The first argument is the “use interfaces over impl classes” argument. Yes, every good Java programmer knows that you want to use more generic interface types like List and Map instead of concrete implementation types like ArrayList or HashMap to protect the flexibility of your implementation and to increase encapsulation. And that’s true, up to a point: the point at which your implementation is exposed to the outside world. For local variables and private member variables, however, it’s all implementation details at that point. If you’re assigning the variable to the result of a method call, that call should be coded to return a List instead of an ArrayList. If you’re passing the variable out to a method call, the parameter should be typed as a List instead of an ArrayList, so there’s no encapsulation leak there. So the only thing you protect against by using interface types for local variables is against using implementation-specific methods without realizing it on objects created locally within that method or within the class. That’s just not much of a danger in my book; you’re protecting a method or class against changes to itself that couldn’t possibly affect anything outside of itself, which seems a wee bit silly: if I find that I’m using methods on ArrayList that aren’t on List, and I change the local variable I’m using so it’s a LinkedList, I’ll just deal with the fallout right then in that method.
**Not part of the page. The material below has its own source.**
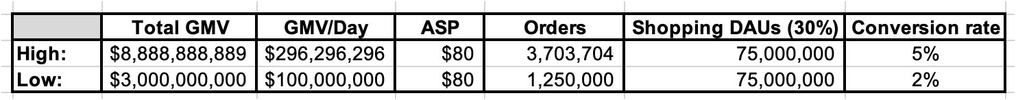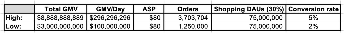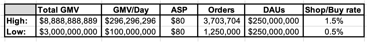o We then do a sanity check - how many people have to both shop and buy a day as % of those DAUs -for example, if this ‘top down’ model (GMV→user activity) spits out 50% that would be crazy high. This comes out to a range of .5%-1.5% which honestly doesn’t seem crazy to me, however, it would be cleaner to split that out to two stages, shopping and then converting. Let’s do that→
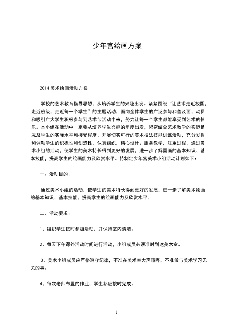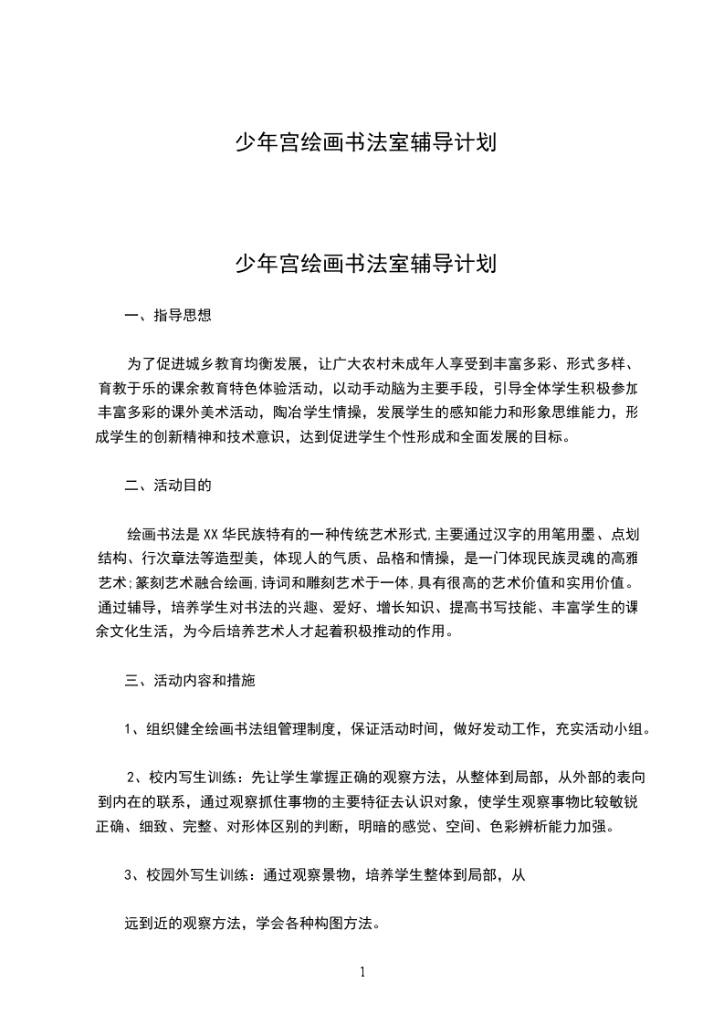 少年宫绘画书法室辅导计划

It’s certainly not worth avoiding type inference to try to “protect” against that situation.
The second argument is that type inference makes the code harder to read. This one has a little more credence, but most of the time it’s pretty obvious what’s going on. New instance creation is always obvious, and in most other cases the variable is well-enough named, the method being called is well-enough named, or subsequent usages are obvious enough to make it easy to figure out. The worst case is that you have to dig one level in to see what type a method is declared to return. Any decent modern IDE will basically do this for you, though: code-completing on the variable will tell you what type it is, bringing up the javadoc for the method being called will tell you, clicking through to the method will tell you, etc. In our IDE, we’ve even added a shortcut, Control-T, that shows you the type of any variable or expression at any point in the code. Even then, it’s not that much different than looking at a variable somewhere that’s been declared elsewhere: you don’t repeat the type information on every usage and somehow people find a way to muddle through. Yet somehow the redundant information on the declaration is critical and can’t be lived without? Again, it seems like a post hoc justification for being afraid of something different, and in practice it’s not that much of an issue: without any IDE it’s not that much different from what you have to do now to deal with variables and method calls you aren’t familiar with, and with an IDE it’s a complete non-issue.
To me the issue is pretty clear-cut: a type system is a tool to help catch errors early and to improve the ability for tools to understand and manipulate code, but it does so at a heavy cost in terms of verbosity and inflexibility. Dynamically typed languages obviously have a huge advantage on those two fronts. Type inference is a way to preserve the benefits of static typing while reducing its overhead, and at this point in the history of language, compiler, and IDE development it should be a part of every modern language, including Java.